Started with small steps running benchmarks each time I upped the clock.
Didnt crash me once up until it crashed while windows was booting after restart.
I thought to myself, that's normal, now I just have to lower it a bit until I find the sweet spot.

After windows finished crash dumping, restarted, lowered clock from bios, and headed to boot windows.

Windows recovery came up to scan my installation, pretty normal after a bsod.
I was waiting for it to finish, thinking that ofc there is no error you silly windows, until the recovery said that it could not recognize the error.

Proceeding to boot normal windows via the correspndent button in the recovery, the recovery itself came up again scanning for errors. I waited again only for the same outcome, and restarted my pc.
Yeap the recovery again scanning for errors.

How the hell did my boot became corrupted after just a crash. I've been fighting since yesterday for hours to fix this shitty situation but to no avail. I really dont want to clean install...

I couldnt even sleep well last night thinking that I have to fix this after work today...

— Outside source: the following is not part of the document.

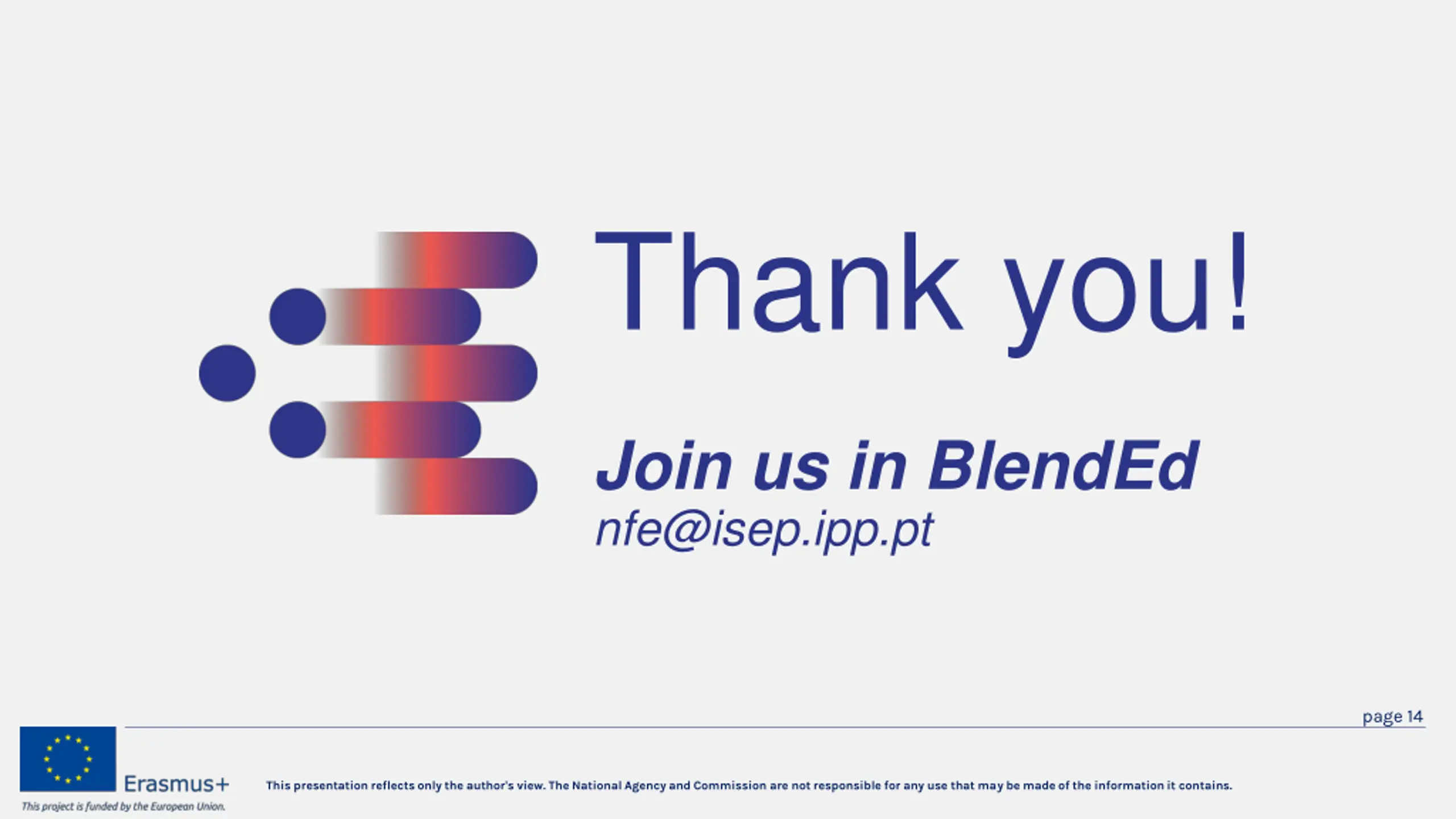 Thank you! Join us in BlendEd nfe@isep.ipp.pt page 14 This presentation reflects only the author's view. The National Agency and Commission are not responsible for any use that may be made of the information it contains.

Fuck my life, fuck windows

Comments
  • 1
    This is what happens when you mess with things you don't understand.
    There were viruses literally BURNING your mainboard just by setting wrong interrupt. (google for CIH if you are interested)

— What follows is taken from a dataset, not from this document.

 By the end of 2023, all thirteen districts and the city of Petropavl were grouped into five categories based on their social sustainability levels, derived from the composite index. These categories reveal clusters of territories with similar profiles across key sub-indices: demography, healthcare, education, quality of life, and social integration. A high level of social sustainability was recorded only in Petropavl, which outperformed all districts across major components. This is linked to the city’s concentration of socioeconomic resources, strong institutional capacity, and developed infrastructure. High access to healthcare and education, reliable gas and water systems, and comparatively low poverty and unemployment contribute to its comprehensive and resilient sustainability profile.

    If you want to play with overclocking, buy a simpler device, some microcontroller, or even a set of transistors, attach it to oscilloscope and then watch what happens when mess with the clock and voltage.
  • 0
    I agree with you that I mess with stuff that I don't fully understand (ofc did my research before I touched anything) but what does this have to do with the CIH virus lol, my bios is fine, my window boot files where corrupted due to the crash during the windows boot... I also am making sure to keep the voltage <1.35v as the manufacturer's max safe value is 1.4v @mt3o
  • 0
    For me it's ancient history, you know. I was a kid then.
    CIH was an example that piece of software can wreck the hardware. Just like unstable code going rouge.

    --wiki--
    CIH's dual payload was delivered for the first time on April 26, 1999, with most of the damage occurring in Asia. CIH filled the first 1024 KB of the host's boot drive with zeros and then attacked certain types of BIOS. Both of these payloads served to render the host computer inoperable, and for most ordinary users the virus essentially destroyed the PC.